Task to complete:
Copy, exactly as written, the lines that begin at the one containing "我强烈呼吁湖人老将詹姆斯立刻" and end at the one containing "Внутри мебели расположены". Skip any pictures in the data below.

Records supplied:
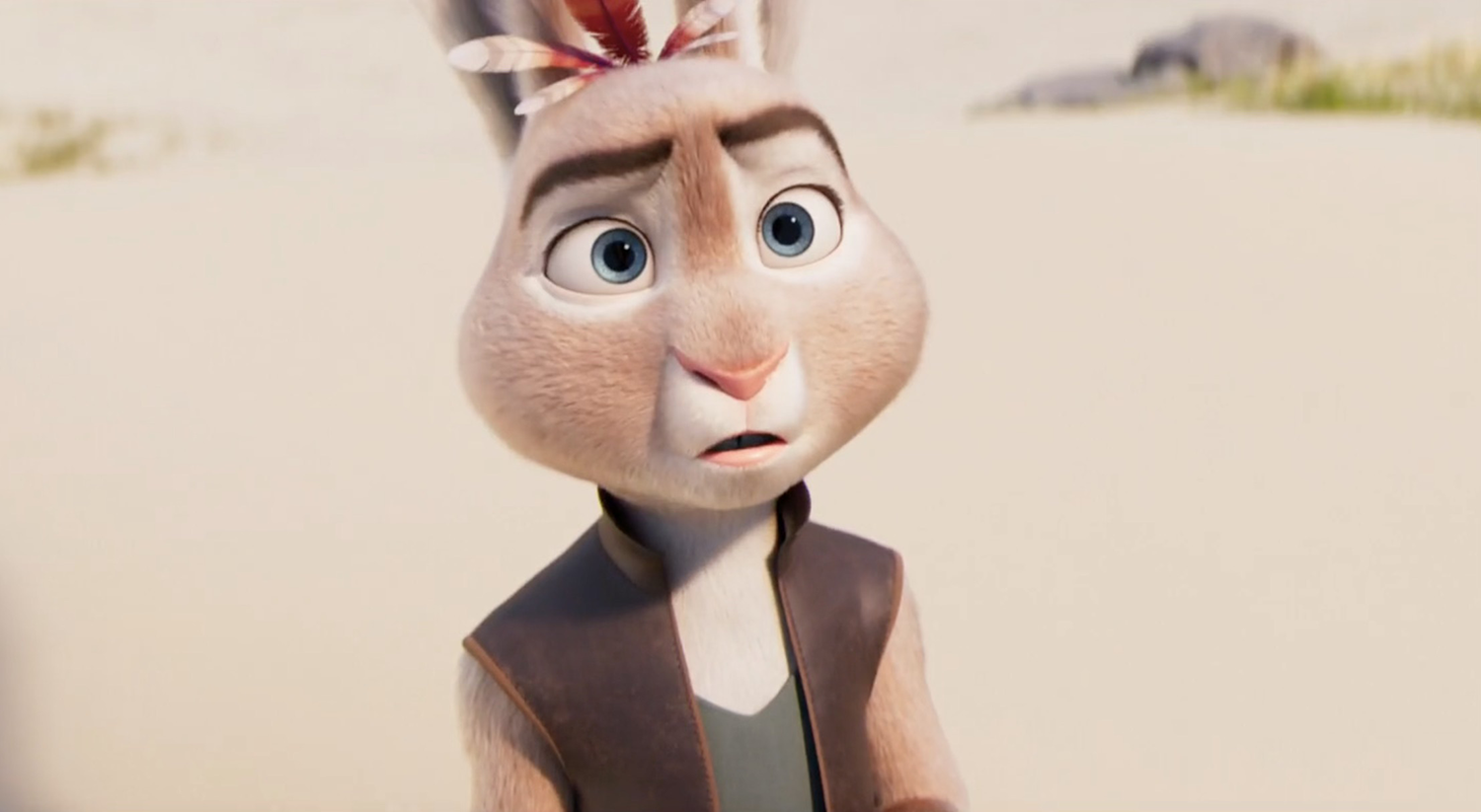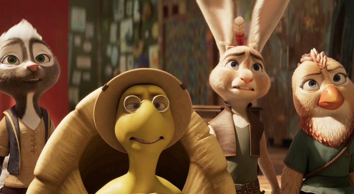 El momento en que acepta sus raíces y despliega sus magníficas orejas emplumadas es visualmente impactante, un instante donde diseño y narrativa convergen. Esta coherencia entre forma y fondo trasciende al personaje individual y se extiende a todo el poblado de liebre-pollos: inicialmente, todos llevan las orejas hacia abajo, reprimiéndose, avergonzados de lo que son; al final de la película, las alzan con dignidad en un gesto colectivo de aceptación.
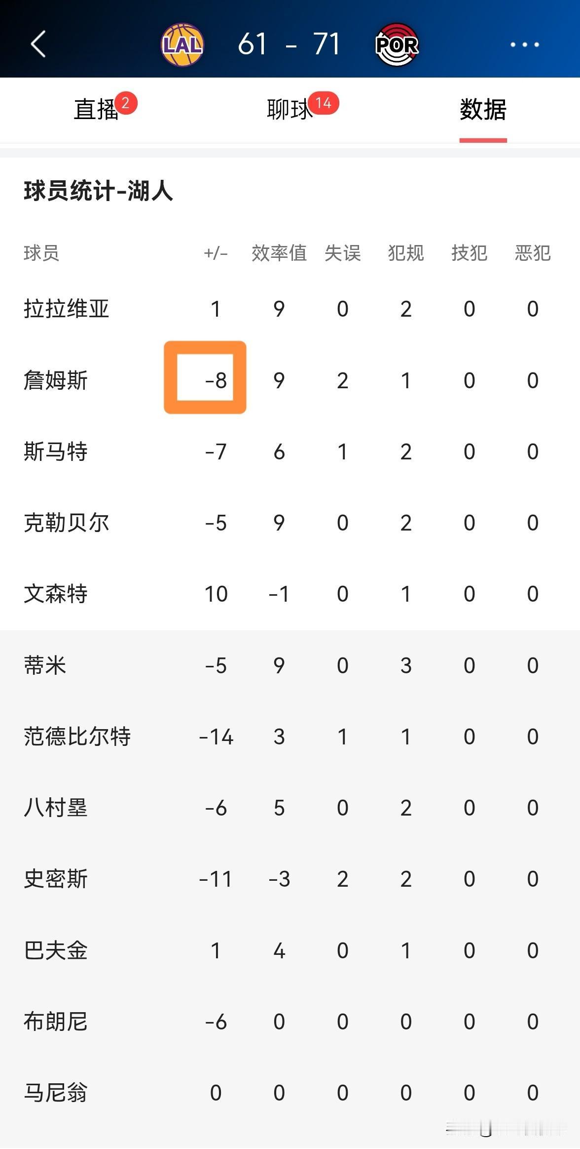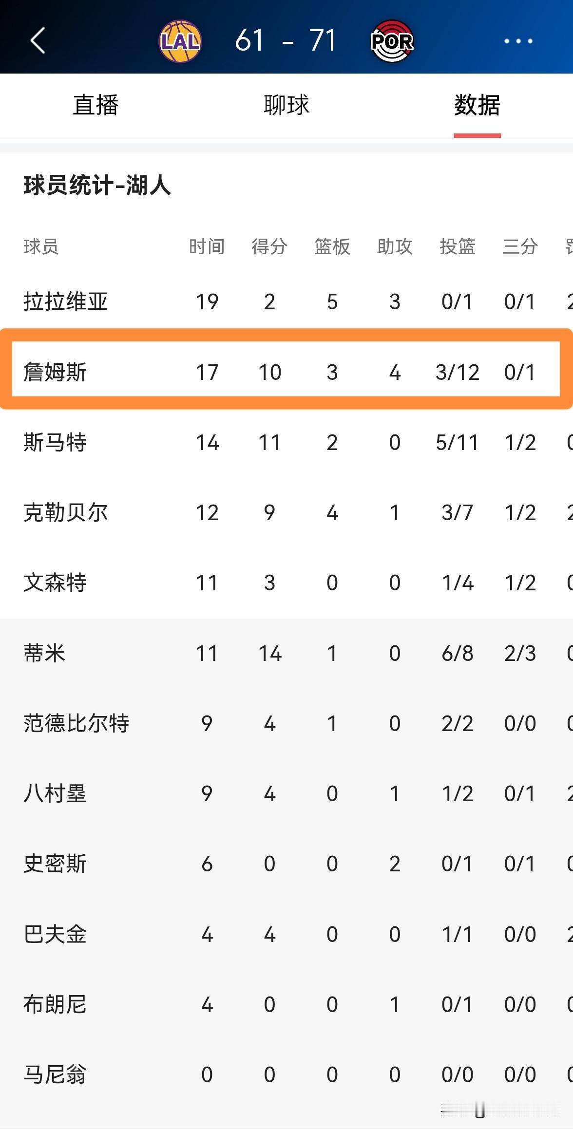 我强烈呼吁湖人老将詹姆斯立刻退役,我不忍心看他的拉胯表现了!在今天湖人客场挑战开拓者的比赛中,目前双方半场战罢,湖人以61:71落后对手10分。在前两节比赛中,詹姆斯在攻防两端的表现都非常糟糕,他在首发出战的17分钟里,投篮12中3,其中三分球1中0、罚球4中4非常低效的得到10分,还有2次失误,他的场上正负值为-8。 实事求是的说,以詹姆斯目前的年龄和状态来看,他完全不具备单核带队赢球的能力。当我看到詹姆斯在上半场比赛中的低迷表现后,我真是痛心疾首,詹姆斯真的到了退位的时候了。
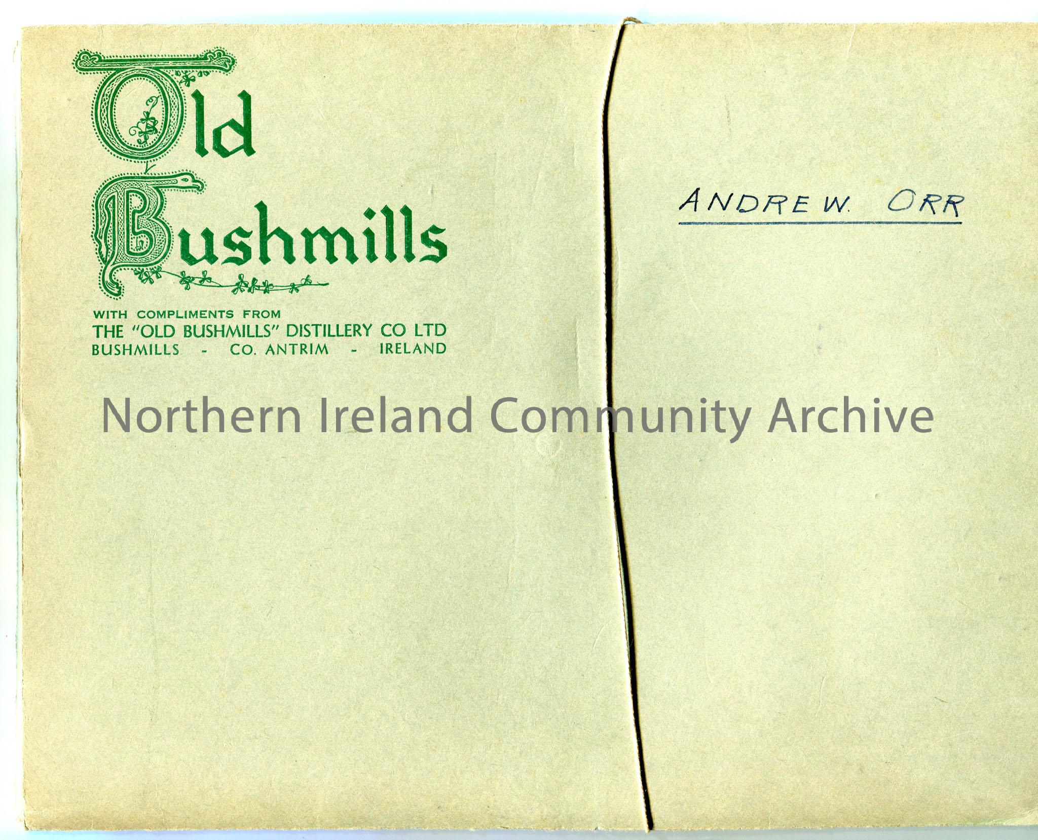 Green folder labelled with Bushmills Distillery logo and handwritten ‘Andrew Orr’.
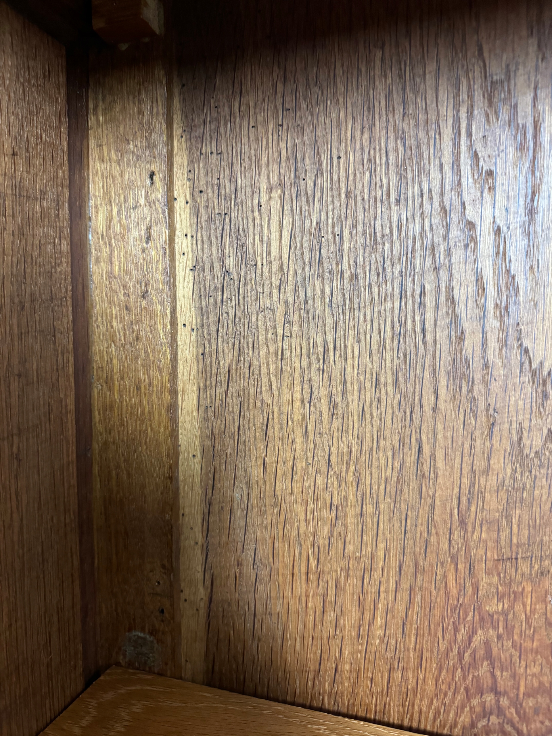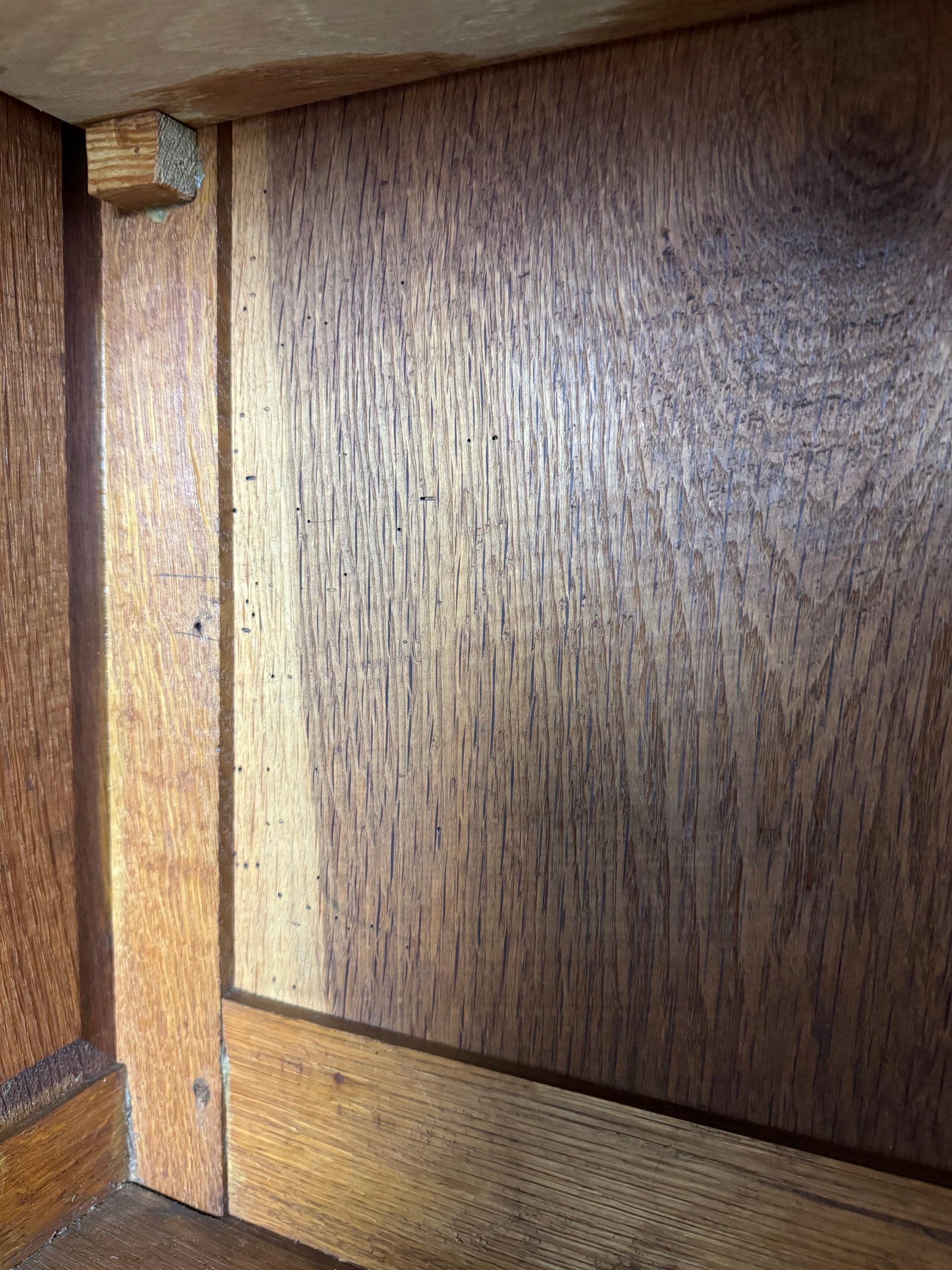 Внутри мебели расположены три массивные, регулируемые по высоте дубовые полки. Внутри ухоженный и чистый.
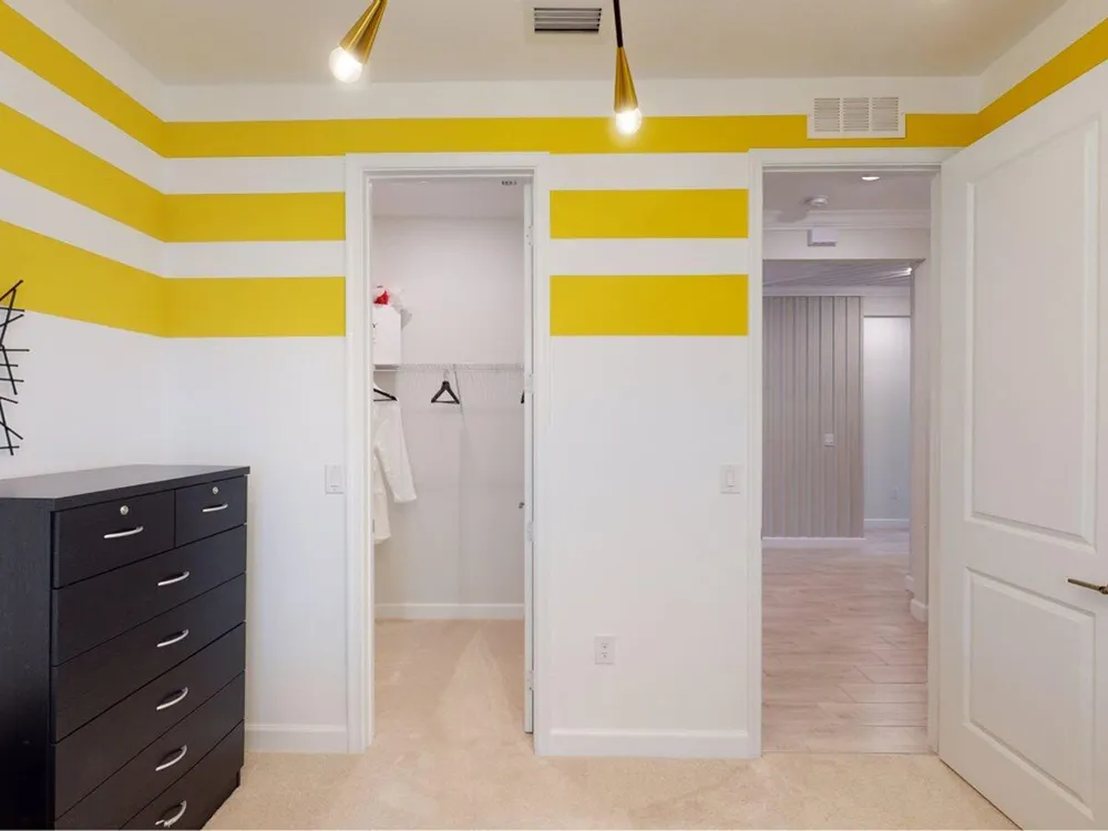 - Split Bedrooms, Entry Level Living Area, Kitchen Island, High Ceilings, Walk-In Closet(s), Entrance Foyer, Pantry, Breakfast Area, Blinds, Impact Glass, Storm Window(s), Separate Shower, Primary Downstairs, Dual Sinks, Washer/Dryer Hookup
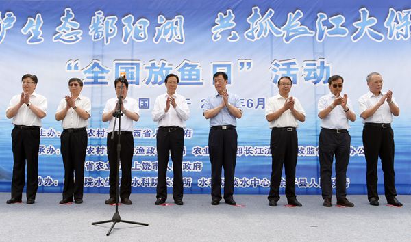 6月7日,作為“全國(guó)放魚(yú)日”主會(huì)場(chǎng)活動(dòng),農(nóng)業(yè)農(nóng)村部會(huì)同江西省人民政府在“長(zhǎng)江之腎”鄱陽(yáng)湖聯(lián)合舉辦水生生物增殖放流活動(dòng),農(nóng)業(yè)農(nóng)村部部長(zhǎng)韓長(zhǎng)賦,江西省委書記、省長(zhǎng)劉奇等出席活動(dòng)?;顒?dòng)期間,共向鄱陽(yáng)湖放流四大家魚(yú)、河蟹和胭脂魚(yú)等水生生物苗種230余萬(wàn)尾,還首次采用無(wú)線電遙測(cè)技術(shù),對(duì)鄱陽(yáng)湖長(zhǎng)江江豚的晝夜活動(dòng)規(guī)律開(kāi)展研究,為更好地保護(hù)和拯救長(zhǎng)江江豚提供科學(xué)支撐。
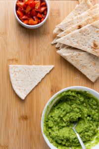 5. Assemble the Pita Trees: Spread a generous layer of the mashed avocado mixture on each toasted pita wedge.

Response to this task:
 我强烈呼吁湖人老将詹姆斯立刻退役,我不忍心看他的拉胯表现了!在今天湖人客场挑战开拓者的比赛中,目前双方半场战罢,湖人以61:71落后对手10分。在前两节比赛中,詹姆斯在攻防两端的表现都非常糟糕,他在首发出战的17分钟里,投篮12中3,其中三分球1中0、罚球4中4非常低效的得到10分,还有2次失误,他的场上正负值为-8。 实事求是的说,以詹姆斯目前的年龄和状态来看,他完全不具备单核带队赢球的能力。当我看到詹姆斯在上半场比赛中的低迷表现后,我真是痛心疾首,詹姆斯真的到了退位的时候了。
 Green folder labelled with Bushmills Distillery logo and handwritten ‘Andrew Orr’.
 Внутри мебели расположены три массивные, регулируемые по высоте дубовые полки. Внутри ухоженный и чистый.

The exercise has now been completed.